• **YOUR OBJECTIVE**:
Only one stretch of the listing below is wanted. Give it again exactly, from the line with "সরকারি তিতুমীর কলেজ" through the line with "餐饮品牌在出海时面临着诸多痛".

• **DATA UNDER STUDY**:
******
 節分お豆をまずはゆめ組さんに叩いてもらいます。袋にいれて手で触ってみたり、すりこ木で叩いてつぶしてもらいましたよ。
******
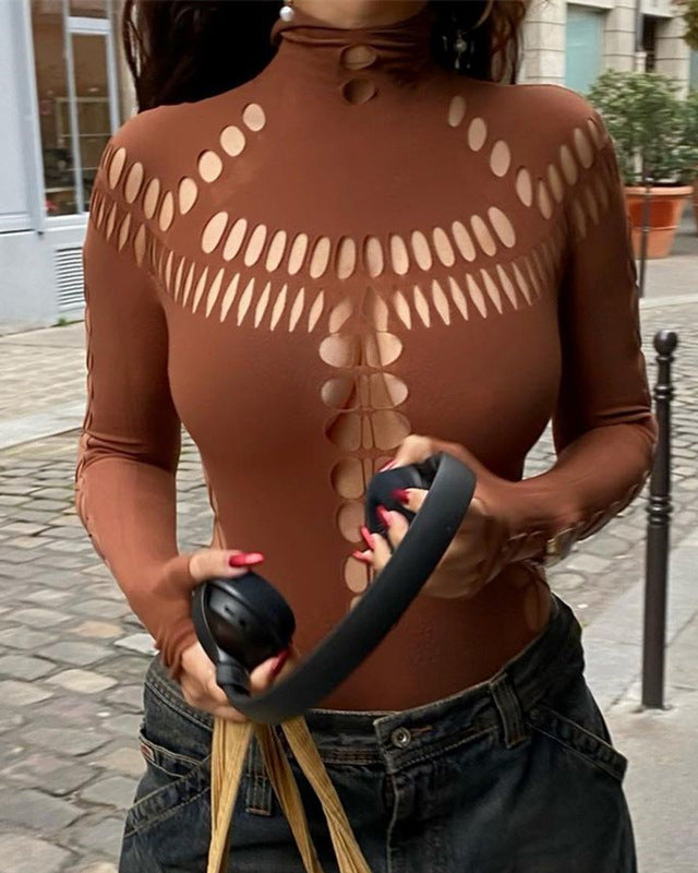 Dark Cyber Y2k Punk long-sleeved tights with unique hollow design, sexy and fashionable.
******
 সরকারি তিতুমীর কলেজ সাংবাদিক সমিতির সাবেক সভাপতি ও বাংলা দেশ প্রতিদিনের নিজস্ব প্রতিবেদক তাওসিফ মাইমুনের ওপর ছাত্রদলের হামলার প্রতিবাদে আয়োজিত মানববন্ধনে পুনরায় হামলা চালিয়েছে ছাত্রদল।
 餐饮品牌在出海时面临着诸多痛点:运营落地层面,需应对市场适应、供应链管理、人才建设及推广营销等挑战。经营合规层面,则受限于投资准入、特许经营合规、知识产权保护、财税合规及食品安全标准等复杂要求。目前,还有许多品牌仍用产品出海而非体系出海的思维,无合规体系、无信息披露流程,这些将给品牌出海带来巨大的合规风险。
******
• **YOUR RESPONSE**:
 সরকারি তিতুমীর কলেজ সাংবাদিক সমিতির সাবেক সভাপতি ও বাংলা দেশ প্রতিদিনের নিজস্ব প্রতিবেদক তাওসিফ মাইমুনের ওপর ছাত্রদলের হামলার প্রতিবাদে আয়োজিত মানববন্ধনে পুনরায় হামলা চালিয়েছে ছাত্রদল।
 餐饮品牌在出海时面临着诸多痛点:运营落地层面,需应对市场适应、供应链管理、人才建设及推广营销等挑战。经营合规层面,则受限于投资准入、特许经营合规、知识产权保护、财税合规及食品安全标准等复杂要求。目前,还有许多品牌仍用产品出海而非体系出海的思维,无合规体系、无信息披露流程,这些将给品牌出海带来巨大的合规风险。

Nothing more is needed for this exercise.